Exercise. Where the line containing "艾克(AIKE)AK2065 双面高速干手器烘手机 全自动感应卫生间商场无菌车间工厂干手机" appears, start repeating, and continue exactly through the last line below, adding nothing. Include no pictures.
= Beginning of Section =
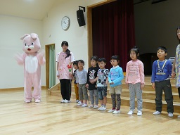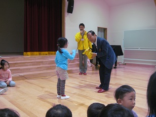 うさぎのぴょんちゃん、かまたのおじちゃんとマー坊の三人で誘拐に会わない為の4つのお約束を教えて頂きました。その後、きりん組さんが代表で知らない人に声かけられたときは、こんにちはと挨拶はしてもよいが、名前は教えない、怖くなったら助けてと逃げる。などのシュミレーションを皆の前でやってみました!皆一人ひとり上手にでき、褒めていただきました。どうかご家庭でも日頃からお子さん自身で身を守ること、誰かに助けを求められるように防犯意識を高められるようにお話しをしてみてください。
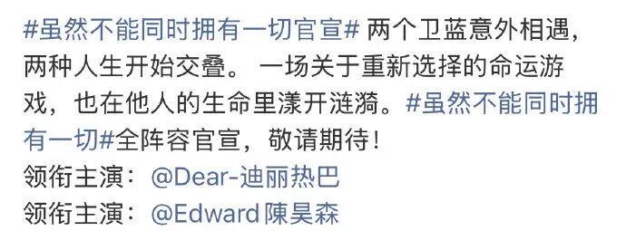 最近热巴新剧官宣了,接下来要跟台湾艺人陈昊森(签约壹心娱乐)合作,这剧他俩都是领衔主演,不过她是一番,他是二番,但就这样也让不少网友觉得男星咖位不匹配,吐槽女方资源降级后面合作的对象咖位越来越小了,另一边粉丝则骂公司不做人,拿她当摇钱树,公司不给好资源罢了,还光让热巴带新人带新导演,蹭她热度。
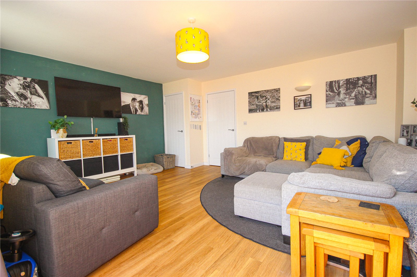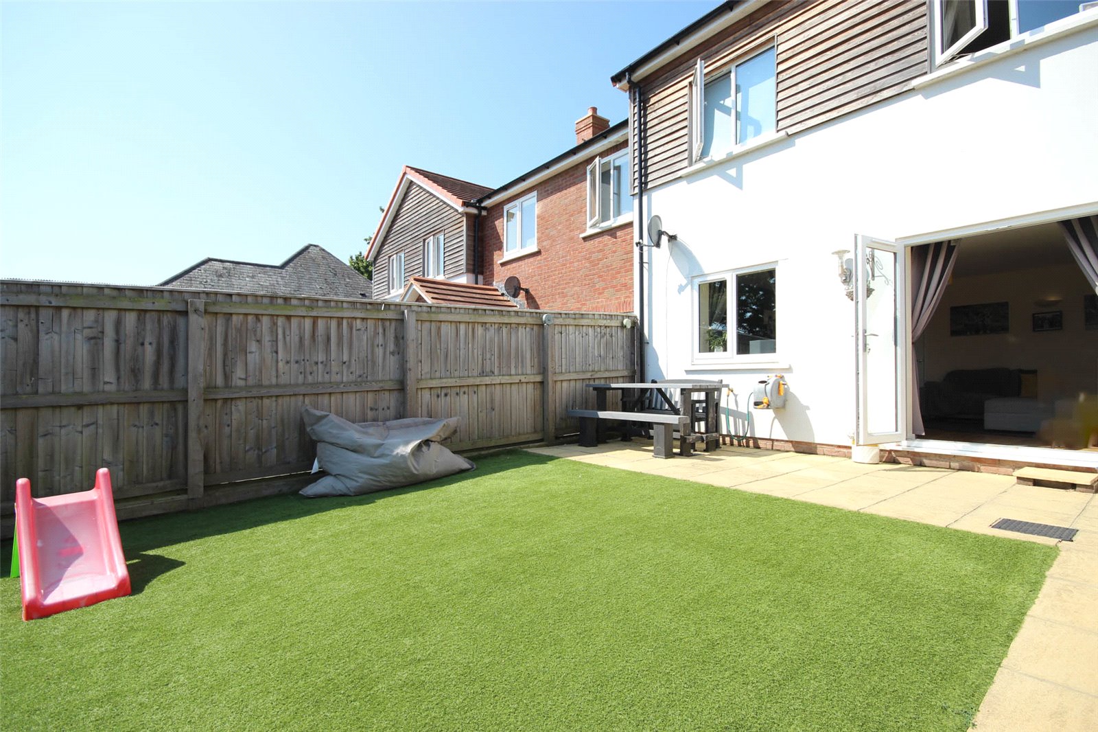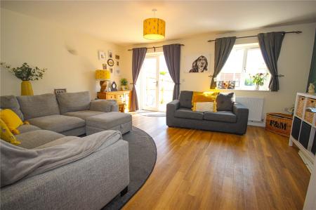 There is a window to the front and ample space for table and chairs at one end of the kitchen. A further door from the entrance hall opens to a good-sized living room at the rear of the property, with French doors and window which opens to the rear garden and gives lovely views to the open fields and countryside in the distance. There is also a useful and sizeable under stairs storage cupboard with shelving and light.
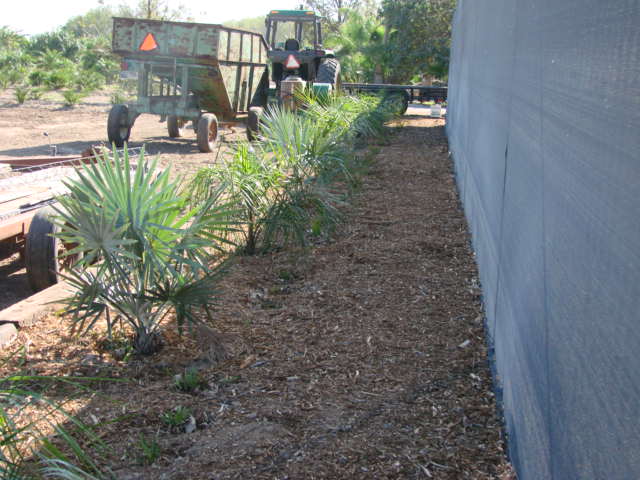 This side, the north side, shady mostly, mildly moist...Serenoa repens various colors,greens, blues, silvers. I didnt have as much rrom to play with on this bed because I have to leave room for the equipment to get through when we irrigate! now just waiting for the new year and the friendly neighbor hood mulch guy :P
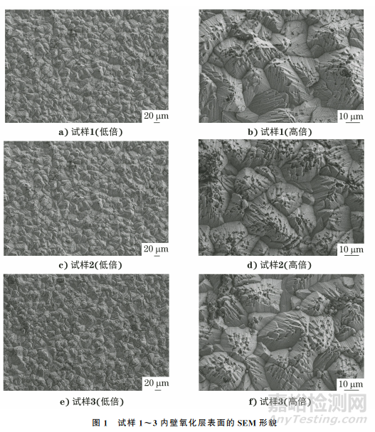 圖1為試樣1~3內(nèi)壁氧化層表面的SEM形貌。由圖1可知:試樣1~3的內(nèi)壁表面形貌相似,均呈高低起伏的丘壑狀,因?yàn)檠趸锏纳伤俾什灰恢?;氧化層均存在孔洞,氧化顆粒尺寸較大,直徑為10~20μm。
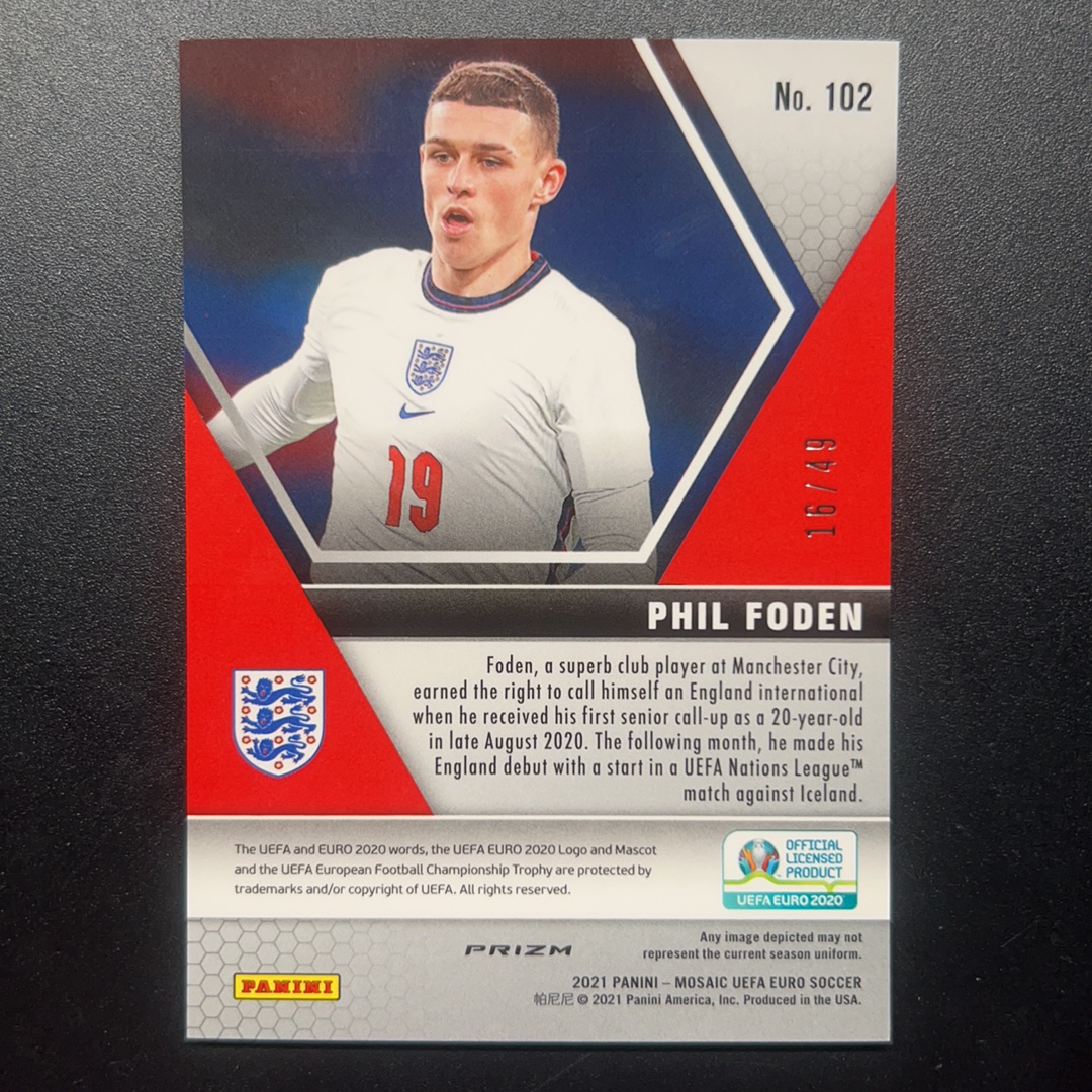 2021 Panini Mosaic Euro Phil Foden 20-21 mosaic 马赛克 欧洲杯 元年 英格兰 新秀 福登 曼城 太子 16/49编 粉折 收藏必备
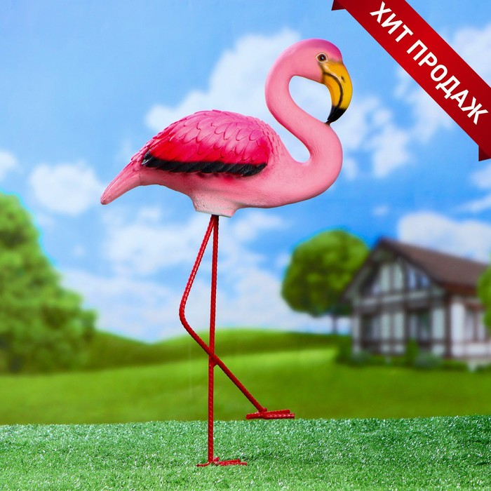 Садовая фигура "Розовый фламинго" 23х14х49см
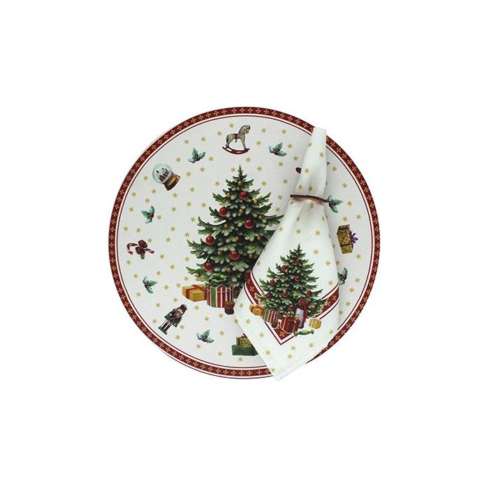 Kit Sousplat + Guardanapo Natal Arvore Nsw 2 Peças com Base
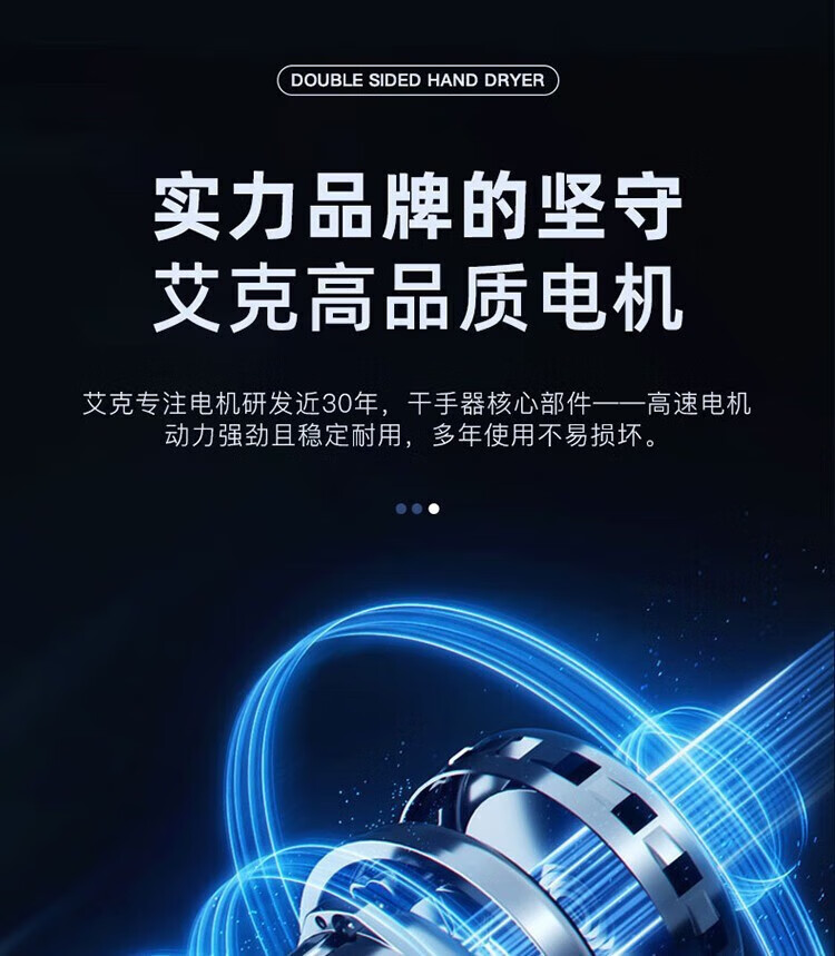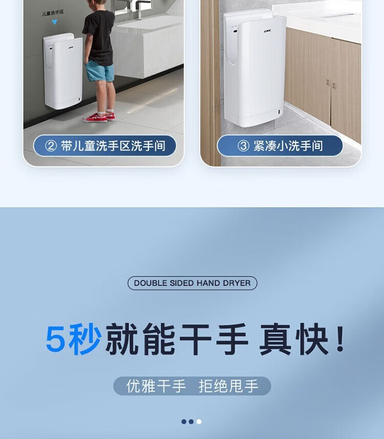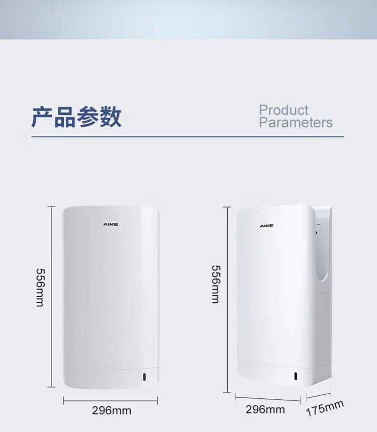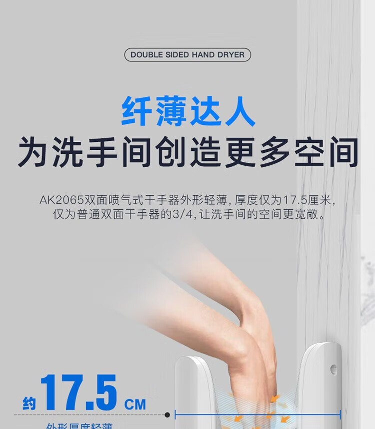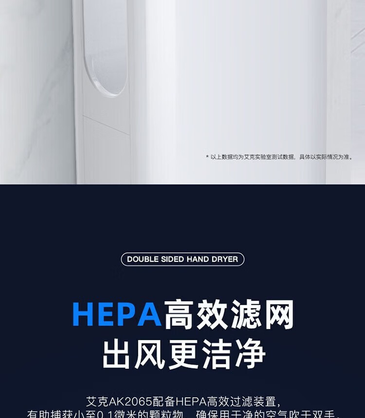 艾克(AIKE)AK2065 双面高速干手器烘手机 全自动感应卫生间商场无菌车间工厂干手机 双面出风/HEPA滤网 银色
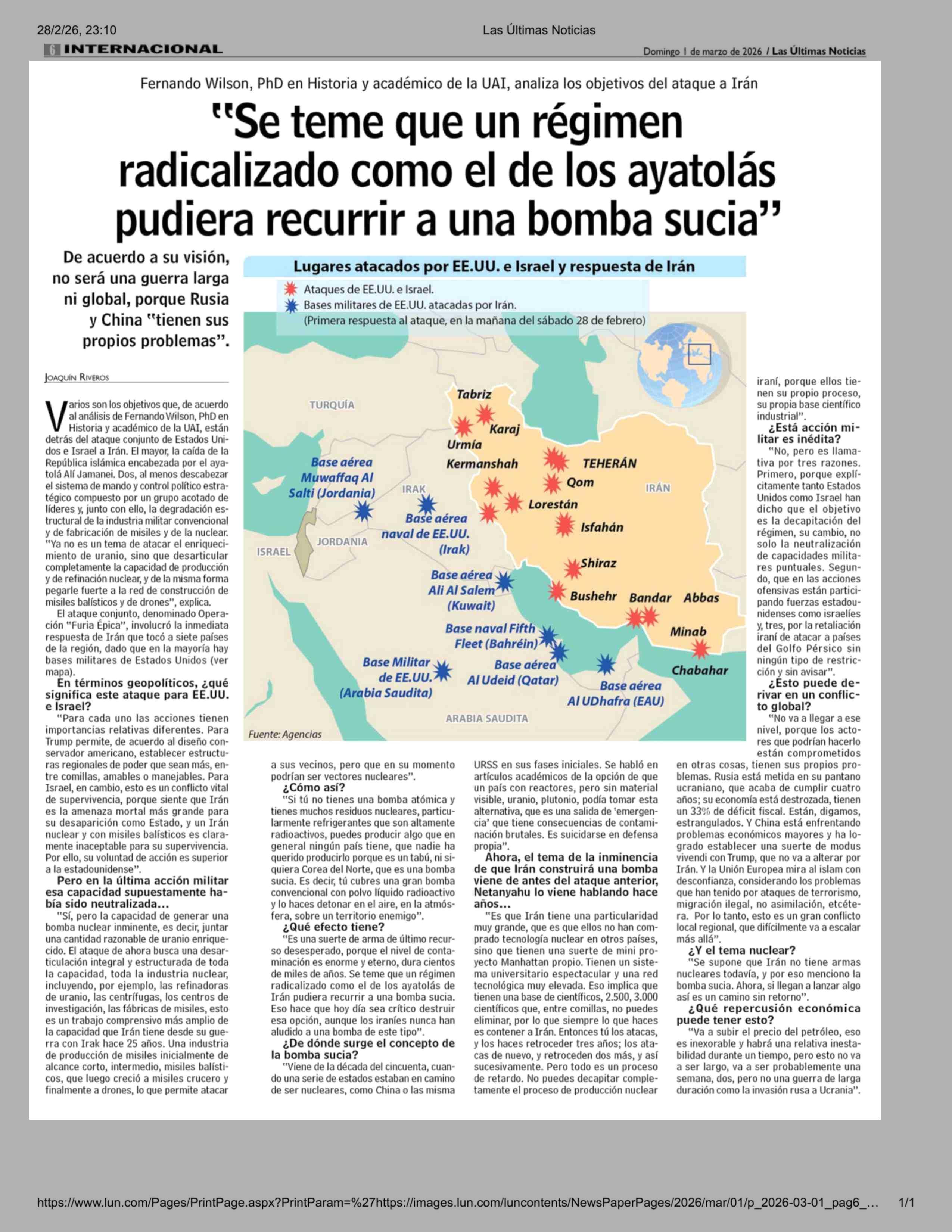 "Se teme que un régimen radicalizado como el de los ayatolás pudiera recurrir a una bomba sucia" 01-03-2026 Las Últimas Noticias |
= End of Section =
Task output.
 艾克(AIKE)AK2065 双面高速干手器烘手机 全自动感应卫生间商场无菌车间工厂干手机 双面出风/HEPA滤网 银色
 "Se teme que un régimen radicalizado como el de los ayatolás pudiera recurrir a una bomba sucia" 01-03-2026 Las Últimas Noticias |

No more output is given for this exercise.